We sat down an' behaved like the commonest kind o' people. You
never saw anybody sicker of romantics than I was when I thought of
them two loons that called themselves Mrs. Andrew Jackson and
General Tom Thumb. I dropped Miguel altogether, an' he dropped
Jiguel, which was a relief to me, an' I took strong to Jonas, even
callin' him Jone, which I consider a good deal uglier an' commoner
even than Jonas. He didn't like this much, but said that if it
would help me out of the Miguel, he didn't care.
"Well, on the mornin' of the next day I went into the little front
room that they called the office, to see if there was a letter for
us yet, an' there wasn't nobody there to ask. But I saw a pile of
letters under a weight on the table, an' I jus' looked at these to
see if one of 'em was for us, an' if there wasn't the very letter
Jone had written to the doctor! They'd never sent it! I rushes
back to Jone an' tells him, an' he jus' set an' looked at me
without sayin' a word. I didn't wonder he couldn't speak.
"'I'll go an' let them people know what I think of 'em,' says I.

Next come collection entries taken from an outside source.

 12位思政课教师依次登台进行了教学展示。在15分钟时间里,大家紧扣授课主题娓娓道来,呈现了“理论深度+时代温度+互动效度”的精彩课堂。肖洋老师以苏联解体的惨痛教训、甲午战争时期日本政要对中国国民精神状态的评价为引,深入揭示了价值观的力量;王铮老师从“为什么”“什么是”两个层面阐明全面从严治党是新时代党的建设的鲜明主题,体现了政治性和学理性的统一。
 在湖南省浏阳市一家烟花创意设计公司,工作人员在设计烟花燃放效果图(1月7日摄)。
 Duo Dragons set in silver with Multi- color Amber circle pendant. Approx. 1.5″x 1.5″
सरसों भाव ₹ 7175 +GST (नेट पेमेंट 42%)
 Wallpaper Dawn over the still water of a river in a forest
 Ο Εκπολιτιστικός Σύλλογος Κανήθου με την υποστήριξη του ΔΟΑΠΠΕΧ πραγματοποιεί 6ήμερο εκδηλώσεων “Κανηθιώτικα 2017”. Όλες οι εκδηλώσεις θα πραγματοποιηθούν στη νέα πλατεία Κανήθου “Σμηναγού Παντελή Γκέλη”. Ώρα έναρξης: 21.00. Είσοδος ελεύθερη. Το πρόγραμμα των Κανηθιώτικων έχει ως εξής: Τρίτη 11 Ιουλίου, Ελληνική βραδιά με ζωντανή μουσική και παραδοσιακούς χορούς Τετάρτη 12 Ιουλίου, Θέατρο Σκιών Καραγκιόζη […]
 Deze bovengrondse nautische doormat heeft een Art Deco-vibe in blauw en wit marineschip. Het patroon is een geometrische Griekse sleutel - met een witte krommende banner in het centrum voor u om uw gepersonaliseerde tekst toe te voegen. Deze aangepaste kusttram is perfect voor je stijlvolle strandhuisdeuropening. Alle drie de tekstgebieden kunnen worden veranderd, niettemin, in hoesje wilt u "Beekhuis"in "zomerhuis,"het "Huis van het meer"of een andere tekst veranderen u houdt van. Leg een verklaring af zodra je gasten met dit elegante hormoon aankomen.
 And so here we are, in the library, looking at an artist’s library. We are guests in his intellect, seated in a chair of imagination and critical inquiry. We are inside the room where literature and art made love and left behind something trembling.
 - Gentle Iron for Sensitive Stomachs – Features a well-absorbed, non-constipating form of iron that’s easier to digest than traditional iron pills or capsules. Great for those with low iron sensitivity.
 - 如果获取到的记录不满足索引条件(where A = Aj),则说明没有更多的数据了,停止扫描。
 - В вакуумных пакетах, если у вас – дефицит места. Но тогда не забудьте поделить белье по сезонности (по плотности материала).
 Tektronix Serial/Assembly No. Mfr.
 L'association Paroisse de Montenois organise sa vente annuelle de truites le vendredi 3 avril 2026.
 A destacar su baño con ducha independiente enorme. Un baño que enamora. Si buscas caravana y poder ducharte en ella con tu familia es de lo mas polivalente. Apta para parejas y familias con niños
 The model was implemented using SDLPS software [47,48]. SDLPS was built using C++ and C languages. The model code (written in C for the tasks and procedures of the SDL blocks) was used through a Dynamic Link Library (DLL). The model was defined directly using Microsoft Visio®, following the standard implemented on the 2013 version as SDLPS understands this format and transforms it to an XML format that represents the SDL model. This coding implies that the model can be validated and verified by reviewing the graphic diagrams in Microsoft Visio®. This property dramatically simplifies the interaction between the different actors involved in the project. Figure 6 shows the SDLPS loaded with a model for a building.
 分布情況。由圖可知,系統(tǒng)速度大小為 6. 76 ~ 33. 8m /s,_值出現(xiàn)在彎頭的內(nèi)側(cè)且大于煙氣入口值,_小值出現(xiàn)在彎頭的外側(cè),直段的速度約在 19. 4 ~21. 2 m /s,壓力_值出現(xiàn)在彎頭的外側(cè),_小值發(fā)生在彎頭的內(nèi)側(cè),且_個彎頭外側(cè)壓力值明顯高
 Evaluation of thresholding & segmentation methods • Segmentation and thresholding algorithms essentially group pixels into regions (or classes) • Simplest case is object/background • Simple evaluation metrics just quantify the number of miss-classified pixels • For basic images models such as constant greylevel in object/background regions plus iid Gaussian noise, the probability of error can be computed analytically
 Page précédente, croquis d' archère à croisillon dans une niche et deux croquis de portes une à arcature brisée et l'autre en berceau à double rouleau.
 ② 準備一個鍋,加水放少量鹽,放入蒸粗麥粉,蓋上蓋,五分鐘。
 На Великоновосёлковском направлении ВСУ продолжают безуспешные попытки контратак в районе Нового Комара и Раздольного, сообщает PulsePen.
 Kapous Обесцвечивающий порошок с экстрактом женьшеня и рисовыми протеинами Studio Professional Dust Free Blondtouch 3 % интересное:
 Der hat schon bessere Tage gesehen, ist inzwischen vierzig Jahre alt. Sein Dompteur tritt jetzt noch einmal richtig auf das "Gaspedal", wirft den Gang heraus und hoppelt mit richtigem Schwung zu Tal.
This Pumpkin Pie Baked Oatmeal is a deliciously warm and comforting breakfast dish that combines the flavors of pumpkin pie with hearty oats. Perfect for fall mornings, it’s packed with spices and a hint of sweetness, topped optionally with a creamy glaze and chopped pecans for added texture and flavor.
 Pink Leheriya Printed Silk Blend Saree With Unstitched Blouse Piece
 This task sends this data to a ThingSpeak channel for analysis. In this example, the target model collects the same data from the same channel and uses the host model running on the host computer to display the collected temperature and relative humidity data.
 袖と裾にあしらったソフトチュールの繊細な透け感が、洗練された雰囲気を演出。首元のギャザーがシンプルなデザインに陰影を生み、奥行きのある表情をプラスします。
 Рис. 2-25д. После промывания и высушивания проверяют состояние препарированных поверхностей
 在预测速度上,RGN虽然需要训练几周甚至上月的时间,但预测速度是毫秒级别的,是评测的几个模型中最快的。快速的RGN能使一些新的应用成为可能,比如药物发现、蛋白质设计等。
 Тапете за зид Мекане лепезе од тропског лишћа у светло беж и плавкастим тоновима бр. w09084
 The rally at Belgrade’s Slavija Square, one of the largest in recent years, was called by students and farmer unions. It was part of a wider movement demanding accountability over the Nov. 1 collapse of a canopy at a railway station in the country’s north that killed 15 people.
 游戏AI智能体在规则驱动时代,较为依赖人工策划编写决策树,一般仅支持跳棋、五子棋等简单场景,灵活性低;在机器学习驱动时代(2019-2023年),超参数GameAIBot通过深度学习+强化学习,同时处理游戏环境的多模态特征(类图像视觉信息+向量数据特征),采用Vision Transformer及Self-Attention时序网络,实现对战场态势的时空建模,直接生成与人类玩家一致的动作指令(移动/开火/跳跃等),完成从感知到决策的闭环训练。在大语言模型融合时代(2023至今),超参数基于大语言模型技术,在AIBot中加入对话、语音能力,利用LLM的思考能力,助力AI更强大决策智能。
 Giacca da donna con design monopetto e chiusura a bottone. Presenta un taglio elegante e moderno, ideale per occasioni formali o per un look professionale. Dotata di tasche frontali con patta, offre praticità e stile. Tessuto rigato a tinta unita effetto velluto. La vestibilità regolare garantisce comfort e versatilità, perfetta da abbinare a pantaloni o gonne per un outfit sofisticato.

"'Don't do that,' said Jone, catchin' me by the sleeve. 'It wont
do no good. Leave the letter there, an' don't say nothin' about
it. We'll stay here till afternoon quite quiet, an' then we'll go
away. That garden wall isn't high.'
"'An' how about the trunk?' says I.
"'Oh, we'll take a few things in our pockets, an' lock up the
trunk, an' ask the doctor to send for it when we get to the city.'
"'All right,' says I. An' we went to work to get ready to leave.